Merhaba sevgili okuyucularım, bu ay sizinle anne babaların çocukların geleceği hakkında kendilerinin istedikleri gibi mesleğe, evliliğe sahip olması ile ilgili birçok hayal kuruyorlar. Bu hayaller çocukların kişiliğine uyuyor mu bu meslekte başarılı olabilir mi diye düşünmeyebiliyorlar. İstiyorlar ki iyi bir doktor olsun, mühendis olsun mimar olsun, olmadı kendilerine ait baba mesleği varsa gelsin başına otursun. Aile şirketini büyütsün. İstedikleri bir evlilik yapsın. Onların istemediği bir kız ya da erkek olmasın onlar en iyisini biliyorlar ya o kızla ya da erkekle olmaz sonu hayır getirmez. Bu düşüncelerle çocuklarının hayatlarına müdahale eden aileler bir bakar ki çocukları mutsuz işleri iyi gitmiyor, evlilikleri çatışmalı, derler ki ‘biz sen doğduğundan bu yana senin için güzel hayaller kuruyoruz. Nerede yanlış yaptık ki hayallerimizdeki yetişkin olamadın?’
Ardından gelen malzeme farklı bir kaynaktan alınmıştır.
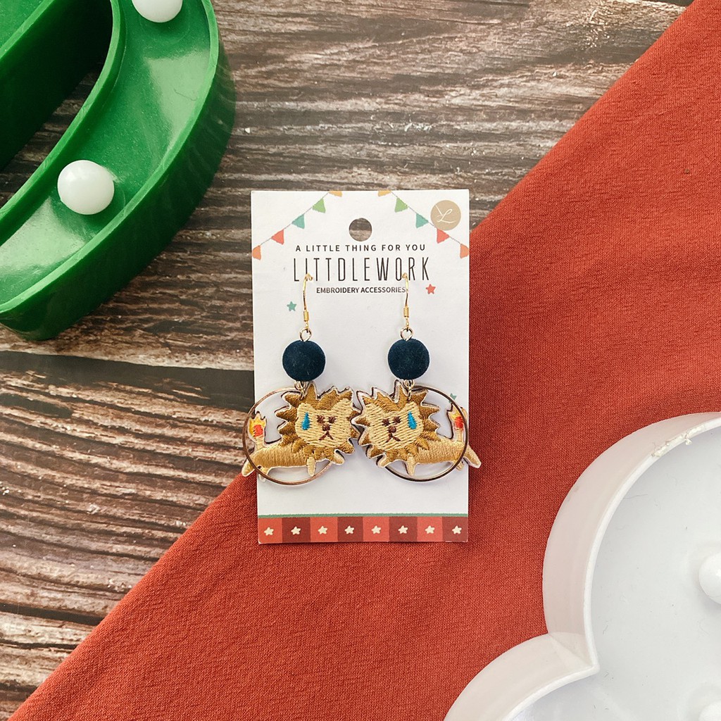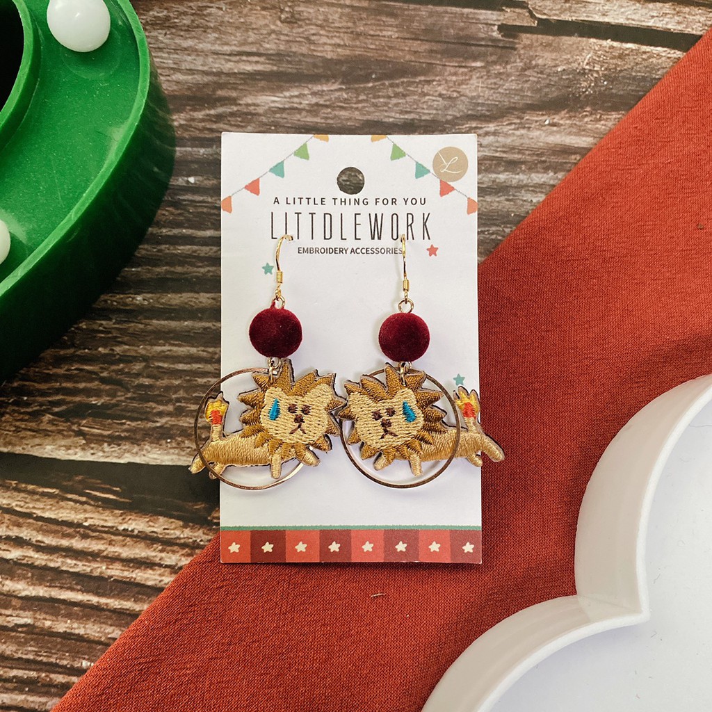 【Littdlework旗艦館】刺繡耳環 - 獅子跳火圈

Oysa ki çocuğun yaşadığı hayat kendi hayatı değil, ailesinin ona sunduğu bir hayat onların hayallerini gerçekleştirmek için kendi hayat yolculuğuna başlayamamış kendini gerçekleştirmesine izin verilmemiş hayatlar…

İşte bunu özetleyen bir hikaye ile sizlerleyim: Zamanın padişahının bir oğlu olur onun için o kadar çok hayalleri vardır ki, ondan daha iyi bir padişah siyasetçi olacaktır. Daha iyi bir okçu avcı olacak ülkenin sınırlarını genişletecek ve halkının da sevdiği saydığı bir veliaht şehzade olacaktır. Bu hayallerin gerçekleşmesini dört gözle bekleyen padişah çocuğun okçulukta hevesinin merakının olmadığını görmekte, siyasi, idari konularda hiç oralı olmadığını gördükçe düşünmeye telaşlanmaya başlamıştır. Onun oğlu başarısız bir veliaht olabilir mi hayır tabi ki de onun için zamanın en iyi eğitimcisini tutar ve ona üç yıl müddet verir. Molla kişi çocuğun oturuşundan kalkışından merak duyduğu olaylardan ve davranışlarından iyi bir idareci olamayacağını anlamasına anlamıştır ama emir büyük yerden gelince bir de eğitimle bir taş bile sanatsal bir heykele dönüşebiliyorsa bu çocukta da elbet bir dönüşüm olacak inancı ile eğitime alır.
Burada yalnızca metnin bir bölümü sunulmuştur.